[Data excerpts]
+ + +

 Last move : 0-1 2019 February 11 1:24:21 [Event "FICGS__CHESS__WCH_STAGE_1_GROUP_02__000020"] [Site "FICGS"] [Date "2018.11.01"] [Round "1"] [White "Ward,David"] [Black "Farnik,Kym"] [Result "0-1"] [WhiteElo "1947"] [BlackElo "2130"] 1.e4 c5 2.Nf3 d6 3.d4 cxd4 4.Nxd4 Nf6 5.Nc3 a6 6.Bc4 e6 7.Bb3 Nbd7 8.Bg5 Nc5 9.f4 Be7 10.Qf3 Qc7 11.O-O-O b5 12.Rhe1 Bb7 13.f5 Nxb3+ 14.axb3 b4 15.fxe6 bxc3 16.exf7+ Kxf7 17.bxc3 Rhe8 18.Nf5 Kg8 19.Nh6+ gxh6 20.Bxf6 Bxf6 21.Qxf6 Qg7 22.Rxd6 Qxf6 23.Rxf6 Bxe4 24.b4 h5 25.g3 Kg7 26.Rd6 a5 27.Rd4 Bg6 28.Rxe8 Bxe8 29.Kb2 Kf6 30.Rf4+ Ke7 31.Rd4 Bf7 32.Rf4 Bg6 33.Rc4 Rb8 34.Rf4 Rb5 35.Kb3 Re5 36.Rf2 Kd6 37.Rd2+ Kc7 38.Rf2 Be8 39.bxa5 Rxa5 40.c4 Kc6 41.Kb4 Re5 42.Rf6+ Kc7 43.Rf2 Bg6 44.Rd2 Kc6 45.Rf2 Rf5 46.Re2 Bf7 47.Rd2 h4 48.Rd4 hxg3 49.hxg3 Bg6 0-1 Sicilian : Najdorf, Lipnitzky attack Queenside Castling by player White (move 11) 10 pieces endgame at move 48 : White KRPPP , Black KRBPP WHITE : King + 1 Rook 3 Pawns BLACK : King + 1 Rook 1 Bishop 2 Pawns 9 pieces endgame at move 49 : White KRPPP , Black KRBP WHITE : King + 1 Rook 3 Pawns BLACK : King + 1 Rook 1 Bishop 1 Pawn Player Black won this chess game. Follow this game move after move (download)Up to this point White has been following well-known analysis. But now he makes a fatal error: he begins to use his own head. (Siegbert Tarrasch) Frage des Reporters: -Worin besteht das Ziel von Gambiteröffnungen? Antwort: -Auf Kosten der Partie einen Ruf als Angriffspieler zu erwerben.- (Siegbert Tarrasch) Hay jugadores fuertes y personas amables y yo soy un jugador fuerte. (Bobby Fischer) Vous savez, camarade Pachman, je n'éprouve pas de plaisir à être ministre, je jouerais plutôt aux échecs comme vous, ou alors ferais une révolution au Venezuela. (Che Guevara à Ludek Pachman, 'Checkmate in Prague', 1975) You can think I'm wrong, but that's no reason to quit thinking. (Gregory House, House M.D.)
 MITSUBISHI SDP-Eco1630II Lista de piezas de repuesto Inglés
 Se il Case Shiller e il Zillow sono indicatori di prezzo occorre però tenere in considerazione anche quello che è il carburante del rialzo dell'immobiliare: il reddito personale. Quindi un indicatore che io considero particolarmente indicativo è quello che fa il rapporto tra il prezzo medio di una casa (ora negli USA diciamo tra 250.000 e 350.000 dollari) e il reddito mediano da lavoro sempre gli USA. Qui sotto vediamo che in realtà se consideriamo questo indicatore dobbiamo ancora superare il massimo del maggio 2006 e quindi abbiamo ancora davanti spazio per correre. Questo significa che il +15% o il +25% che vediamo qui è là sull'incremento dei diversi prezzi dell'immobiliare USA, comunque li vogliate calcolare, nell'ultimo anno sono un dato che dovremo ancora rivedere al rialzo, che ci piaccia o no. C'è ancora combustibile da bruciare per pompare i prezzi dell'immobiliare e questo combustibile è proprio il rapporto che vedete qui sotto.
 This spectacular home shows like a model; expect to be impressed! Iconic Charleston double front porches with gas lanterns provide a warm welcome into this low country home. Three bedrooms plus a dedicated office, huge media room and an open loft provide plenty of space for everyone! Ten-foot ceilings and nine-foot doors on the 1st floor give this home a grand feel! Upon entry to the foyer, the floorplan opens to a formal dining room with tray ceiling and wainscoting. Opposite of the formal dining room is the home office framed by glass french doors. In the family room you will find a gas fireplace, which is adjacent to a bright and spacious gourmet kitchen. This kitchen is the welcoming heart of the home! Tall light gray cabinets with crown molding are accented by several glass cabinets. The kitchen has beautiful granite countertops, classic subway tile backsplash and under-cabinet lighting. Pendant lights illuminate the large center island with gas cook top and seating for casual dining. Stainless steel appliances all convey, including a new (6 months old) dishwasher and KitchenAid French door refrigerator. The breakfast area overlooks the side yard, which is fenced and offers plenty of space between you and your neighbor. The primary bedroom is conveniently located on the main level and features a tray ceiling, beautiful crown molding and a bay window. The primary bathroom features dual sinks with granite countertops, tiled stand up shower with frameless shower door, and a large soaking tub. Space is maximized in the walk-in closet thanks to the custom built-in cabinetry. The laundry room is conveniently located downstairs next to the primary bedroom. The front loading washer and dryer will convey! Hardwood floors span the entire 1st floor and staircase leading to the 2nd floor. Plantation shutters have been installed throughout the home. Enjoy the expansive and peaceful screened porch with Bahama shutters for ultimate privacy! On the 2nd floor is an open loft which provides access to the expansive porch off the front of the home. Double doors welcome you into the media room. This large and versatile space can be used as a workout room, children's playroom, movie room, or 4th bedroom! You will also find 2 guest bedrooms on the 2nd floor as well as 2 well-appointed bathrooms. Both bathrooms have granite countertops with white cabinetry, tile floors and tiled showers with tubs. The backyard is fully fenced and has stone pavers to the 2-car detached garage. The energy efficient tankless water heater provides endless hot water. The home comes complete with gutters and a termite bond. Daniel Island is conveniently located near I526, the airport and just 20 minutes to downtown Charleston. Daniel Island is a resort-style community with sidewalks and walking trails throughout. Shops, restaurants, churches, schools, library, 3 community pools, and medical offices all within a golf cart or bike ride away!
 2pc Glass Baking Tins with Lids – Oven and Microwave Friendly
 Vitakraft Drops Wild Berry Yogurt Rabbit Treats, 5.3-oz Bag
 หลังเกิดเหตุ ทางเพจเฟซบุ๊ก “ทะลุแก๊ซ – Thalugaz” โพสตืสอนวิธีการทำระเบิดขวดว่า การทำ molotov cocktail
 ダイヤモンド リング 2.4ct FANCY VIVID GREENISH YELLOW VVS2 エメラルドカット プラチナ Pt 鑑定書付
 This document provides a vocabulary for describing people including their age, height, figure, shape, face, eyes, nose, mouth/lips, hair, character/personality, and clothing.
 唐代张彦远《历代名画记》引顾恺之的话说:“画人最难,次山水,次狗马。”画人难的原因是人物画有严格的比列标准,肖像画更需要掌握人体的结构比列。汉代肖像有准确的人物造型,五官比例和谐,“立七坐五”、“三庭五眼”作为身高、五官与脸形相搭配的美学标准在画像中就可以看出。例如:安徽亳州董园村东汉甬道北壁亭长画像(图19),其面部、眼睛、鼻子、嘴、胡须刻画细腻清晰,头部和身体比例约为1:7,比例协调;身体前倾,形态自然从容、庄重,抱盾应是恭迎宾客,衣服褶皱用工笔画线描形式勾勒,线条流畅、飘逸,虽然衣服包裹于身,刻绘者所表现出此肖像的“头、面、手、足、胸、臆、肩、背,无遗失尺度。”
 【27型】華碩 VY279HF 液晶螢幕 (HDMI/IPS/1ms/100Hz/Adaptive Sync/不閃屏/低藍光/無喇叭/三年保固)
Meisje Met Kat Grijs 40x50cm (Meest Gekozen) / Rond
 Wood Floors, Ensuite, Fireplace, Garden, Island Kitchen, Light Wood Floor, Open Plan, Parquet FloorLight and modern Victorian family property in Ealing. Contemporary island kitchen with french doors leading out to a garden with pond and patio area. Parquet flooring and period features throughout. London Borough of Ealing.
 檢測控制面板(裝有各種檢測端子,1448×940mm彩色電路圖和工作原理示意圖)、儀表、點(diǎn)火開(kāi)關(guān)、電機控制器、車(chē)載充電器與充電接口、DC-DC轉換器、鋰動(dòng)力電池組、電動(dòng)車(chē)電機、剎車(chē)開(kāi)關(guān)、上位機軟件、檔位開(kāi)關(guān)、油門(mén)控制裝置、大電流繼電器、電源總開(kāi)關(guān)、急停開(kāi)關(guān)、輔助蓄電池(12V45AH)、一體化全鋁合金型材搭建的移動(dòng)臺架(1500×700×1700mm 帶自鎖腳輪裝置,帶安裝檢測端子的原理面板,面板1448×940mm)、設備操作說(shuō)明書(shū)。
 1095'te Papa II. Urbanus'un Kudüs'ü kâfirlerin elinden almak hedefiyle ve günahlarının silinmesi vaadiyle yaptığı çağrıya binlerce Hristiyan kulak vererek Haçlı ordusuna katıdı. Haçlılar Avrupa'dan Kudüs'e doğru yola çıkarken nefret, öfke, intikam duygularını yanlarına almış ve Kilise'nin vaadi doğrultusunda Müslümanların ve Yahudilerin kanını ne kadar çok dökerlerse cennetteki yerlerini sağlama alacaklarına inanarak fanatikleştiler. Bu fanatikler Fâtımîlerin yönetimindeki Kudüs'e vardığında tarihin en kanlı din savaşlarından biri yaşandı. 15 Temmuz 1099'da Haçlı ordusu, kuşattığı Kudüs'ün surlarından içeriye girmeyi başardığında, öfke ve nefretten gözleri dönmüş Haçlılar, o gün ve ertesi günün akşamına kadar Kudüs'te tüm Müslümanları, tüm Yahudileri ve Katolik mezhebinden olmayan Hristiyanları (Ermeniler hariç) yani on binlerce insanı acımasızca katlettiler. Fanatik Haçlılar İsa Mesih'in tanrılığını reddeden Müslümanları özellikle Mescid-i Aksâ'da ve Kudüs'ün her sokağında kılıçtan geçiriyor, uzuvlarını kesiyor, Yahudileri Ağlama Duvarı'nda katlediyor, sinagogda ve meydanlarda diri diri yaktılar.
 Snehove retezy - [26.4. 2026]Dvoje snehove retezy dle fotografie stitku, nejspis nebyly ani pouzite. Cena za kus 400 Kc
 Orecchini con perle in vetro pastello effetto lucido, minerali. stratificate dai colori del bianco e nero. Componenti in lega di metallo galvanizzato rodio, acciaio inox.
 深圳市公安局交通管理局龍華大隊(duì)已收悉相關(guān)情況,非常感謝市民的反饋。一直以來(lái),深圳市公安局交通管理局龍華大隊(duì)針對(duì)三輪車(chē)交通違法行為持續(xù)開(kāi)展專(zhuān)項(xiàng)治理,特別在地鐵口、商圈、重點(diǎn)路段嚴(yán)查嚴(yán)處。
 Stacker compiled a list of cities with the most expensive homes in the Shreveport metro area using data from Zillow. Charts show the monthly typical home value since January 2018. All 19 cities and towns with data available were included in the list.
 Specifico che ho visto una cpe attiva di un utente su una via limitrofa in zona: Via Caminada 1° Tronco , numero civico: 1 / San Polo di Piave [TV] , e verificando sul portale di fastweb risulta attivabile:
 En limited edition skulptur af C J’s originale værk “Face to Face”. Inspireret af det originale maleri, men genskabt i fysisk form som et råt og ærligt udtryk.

+ + +

YOUR GOAL:
Return each line above where the word "guān" shows up.

SOLUTION TO THIS EXERCISE:
 檢測控制面板(裝有各種檢測端子,1448×940mm彩色電路圖和工作原理示意圖)、儀表、點(diǎn)火開(kāi)關(guān)、電機控制器、車(chē)載充電器與充電接口、DC-DC轉換器、鋰動(dòng)力電池組、電動(dòng)車(chē)電機、剎車(chē)開(kāi)關(guān)、上位機軟件、檔位開(kāi)關(guān)、油門(mén)控制裝置、大電流繼電器、電源總開(kāi)關(guān)、急停開(kāi)關(guān)、輔助蓄電池(12V45AH)、一體化全鋁合金型材搭建的移動(dòng)臺架(1500×700×1700mm 帶自鎖腳輪裝置,帶安裝檢測端子的原理面板,面板1448×940mm)、設備操作說(shuō)明書(shū)。
 深圳市公安局交通管理局龍華大隊(duì)已收悉相關(guān)情況,非常感謝市民的反饋。一直以來(lái),深圳市公安局交通管理局龍華大隊(duì)針對(duì)三輪車(chē)交通違法行為持續(xù)開(kāi)展專(zhuān)項(xiàng)治理,特別在地鐵口、商圈、重點(diǎn)路段嚴(yán)查嚴(yán)處。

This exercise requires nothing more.